By now, audiences in and around campus are familiar with The Diz: Feick’s searing vocals as the lead singer, third year Elise Burcham’s (Muir) tear on the drums, and Will Bennett’s and graduate student Ian Frankel’s deft strumming on guitar and bass. Feick, Bennett and Frankel interchangeably play the guitar and bass. 

Wherever The Diz takes the stage, the crowd knows they are minutes away from being given permission to go wild. At Battle of the Bands, their high energy set produced a pit of sweat-happy students jumping around and into one another, rippling outward until everyone was moving. This energy is exactly what the band name means.

“The Diz is a feeling that comes wherever we go,” Frankel says. Communities are formed around them because of the excitement and buzz that they create. Their name on a poster is enough to get students to flock to a performance, eager to sing along and dance. 

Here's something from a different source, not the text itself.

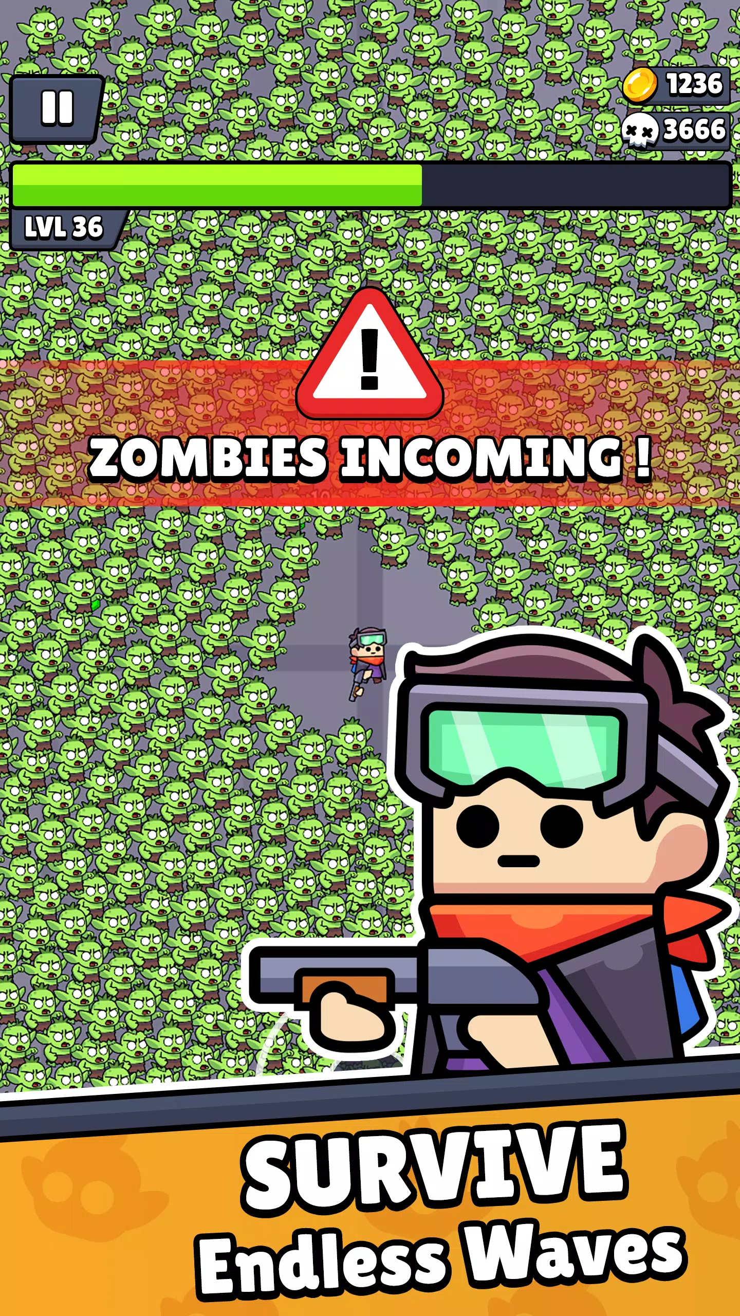 - Волновое выживание — монстры атакуют непрерывно, и с каждой волной их становится больше. Ваша задача — продержаться, набирая силу быстрее, чем растёт угроза.

A band plays in the spotlight on stage.
The Diz was named winner of the 2024 Battle of the Bands. The group includes from left to right, Ian Frankel on guitar (graduate student), Elise Burcham on drums (third year, Muir), Sky Feick on guitar (fourth year, Revelle), and William Bennett on bass. Photo: Sarah He


A meeting with noisy downstairs neighbors sparked a friendship between third year Sophia Gawle (Marshall), third year Kaitlyn Miguel (Marshall) and third year Betsy Ambrogio (Marshall). Best friends and roommates, Gawle and Miguel often played late into the night. Upstairs neighbor Ambrogio eventually knocked on their door, guitar in hand, and asked if she could jam with them. The talented trifecta soon formed an indie-inspired folk band HFEMH (pronounced aich-femme-aich). 

HFEMH is typically guitar based, with the occasional tambourine. As of late they are toying with the idea of incorporating a steel tongue drum Gawle received as a Christmas gift. However, the instruments are secondary to the band’s vocal harmonies. 

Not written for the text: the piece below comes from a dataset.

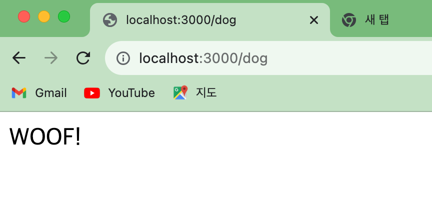 app.get을 이용하여 간단한 경로를 추가하고, 브라우저에서 정상 표출되는지 확인해봅니다.
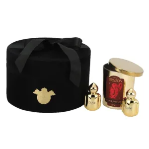 Ignite your senses with our Honey & Oud Scented Candle and Blush Bottles Set, elegantly presented in a black velvet hat box.

For the three of them, the band is a sacred place. And when they take the stage, they do so as one unit, each member as vital as the next. When they write and rehearse, it is nothing more than best friends being vulnerable with one another. When they perform, they are inviting you into this space that they treasure more than anything else.

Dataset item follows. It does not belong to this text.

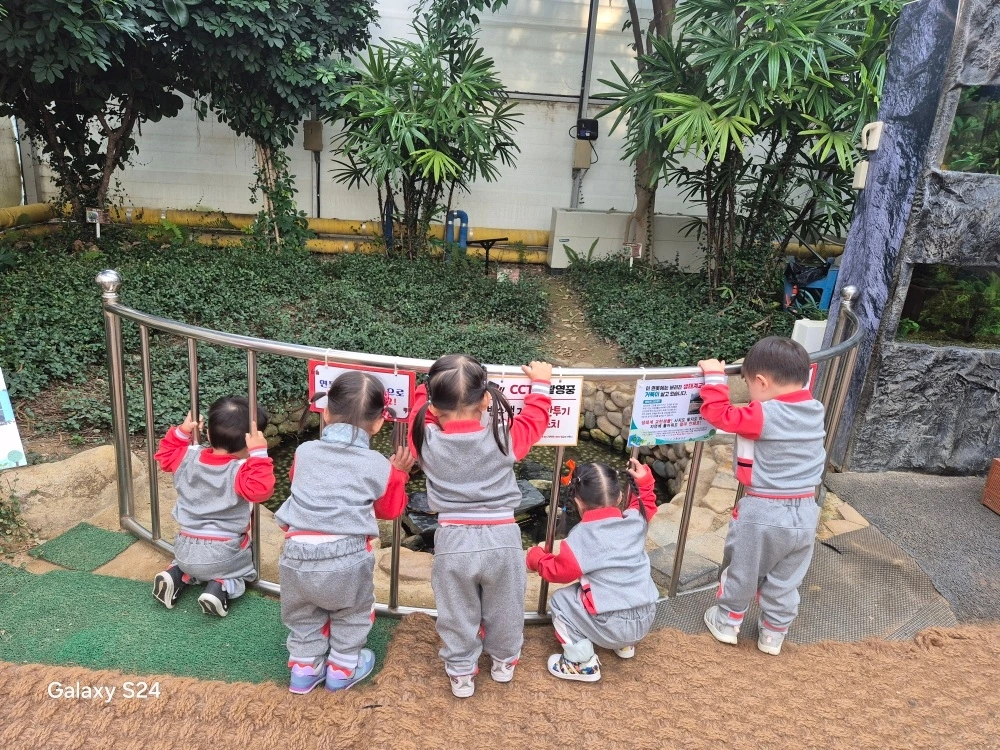 그리고 오빠와 마찬가지로 달콤이반 친구들도 곤충 생태관을 방문하여 곤충을 직접 만져보고 관찰하는 활동을 하였습니다. 오빠와는 달리 곤충에 전혀 거부감이 없는 달콤이는 다른 친구들을 대신해서 곤충을 이래저래 만져보며 의기양양했다는 후문입니다. 여느 곤충박물관과 달리 이곳에선 거북이와 물고기, 닭 등 여러 동물들의 모습도 함께 볼 수 있어 볼거리가 풍성했다고 하는데요. 닭장 앞에서 '꼬꼬댁' 소리를 내며 흉내도 내고, 생태관 앞 자그마한 놀이터에서 친구들과 신나게 놀면서 현장체험학습을 재미있게 보냈다고 하네요. 점심도 2그릇이나 먹고요.

Three women stand in a green field with buildings in the background.
UC San Diego Marshall College students (from left to right), Sophia Gawle, third year; Kaitlyn Miguel, third year; and Betsy Ambrogio, third year, play in the campus band HFEMH. Photo: Steve Ambrogio


Alegrías, Spanish for “joy,” showcases a delightful quartet. (Take a listen to their song “Friend Crush.”) This band’s name is an acknowledgment of the fact that there is an abundance of happiness to be found within the group: as bandmates, as friends and as champions of one another. And for the audience, to hear Alegrías perform is to be transported to a space filled with infectious joy. 

Cellist Azalea Segura-Mora (fourth year, Sixth), bassist Ngozi, guitarist Kyle Gibbs (fourth year, Seventh), and drummer Daniel Hernandez (fourth year, Warren) make up Alegrías. Their music is influenced by R&B, Latin and even jazz, but their sound cannot be contained in just one genre. Instead of hiding their unique backgrounds and musical influences, the four members incorporate everything. This constant exploration results in a sound unlike anyone else's.

Alegrías has quickly attracted attention. In 2022, having been together only two months, they were invited to perform in NPR’s Tiny Desk Contest

“To be recognized for what we had accomplished in so little time made us really secure in this band,” Segura-Mora says. As an added bonus, the band members met actor Will Ferrell, who was at the Tiny Desk Contest to support his son, who was also competing.

These three groups are a small sample of a rich campus music scene that is engaging and diverse. Whether you attend a live concert or listen online, tuning in to our student bands will offer a moment of bliss, transporting you to a space of pure joy. 

Jonathan Shlesinger is a third year student in Revelle College and a student writer for UC San Diego Magazine.